The UK Government’s public relations struggles hit a new low last week, when it found itself trying to justify a tax on pasties. That was soon compounded by a much larger error - the ill-advised suggestion that people should start stocking up on petrol, which sparked panic-buying across the country.

Those missteps only served to magnify the prevailing wisdom that the Coalition Government’s PR efforts are failing. The Holmes Report asked public affairs specialists of all political stripes, how they think the UK’s leaders can solve their current PR woes.

Chris McLaughlin
VP of external affairs, Inmarsat

The simple answer is to stop the Leveson Enquiry and the atmosphere will change in days.

But an avoidable chasm has opened in Tory communications, because a modernising, professional party turned to journalists to do a communications professional’s job. Editors are not communications experts.

Any government needs an experienced comms director, content to stay in the background and communicate its agenda across business areas, as they would a global company. It should detach from feeding the 24/7 spin cycle. It should stop all coalition office-holding MPs from tweeting and blogging. Have confidence: Building a reputation for considered, measured thought would re-kindle public respect. Media should report-on, not drive the political agenda. Single-issue lobbies feed off the noise, so turn down the volume.

Politics is not a game show and MPs are not contestants seeking daily re-election to the House. Sometimes, less is more. 

Jo-Ann Robertson
MD of public affairs and corporate communications, Ketchum Pleon

The excuse that the Coalition is a new government and that is why it is making so many mistakes, gaffes, u-turns, and (to put it bluntly) bad decisions, is no longer credible. Two years in to government, Cameron should have found his feet and should have a team surrounding him who can navigate the complexity of Whitehall as well as anticipate media bear traps.
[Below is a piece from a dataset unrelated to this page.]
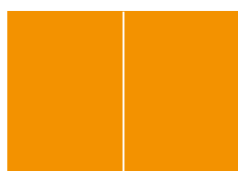
Dvoustrana 420×285 mm

Many political commentators have been focused on the past couple of weeks as a tough period for the government, but actually the first quarter of 2012 has been abysmal from a communications perspective.

Ultimately, the challenge is finding a communications director who has strong instincts, who has the confidence to make tough and controversial decisions, and who actually has a political antennae – Craig Oliver is certainly no Alastair Campbell.

As one example, Francis Maude is one of the most experienced and sophisticated communicators in the cabinet and unfortunately he made a gaffe in a live interview. Rather than the government admitting that they over-reacted and that Maude had made a mistake, cabinet member after cabinet member made their rounds of the broadcast studios defending him and using convoluted language to defend their position.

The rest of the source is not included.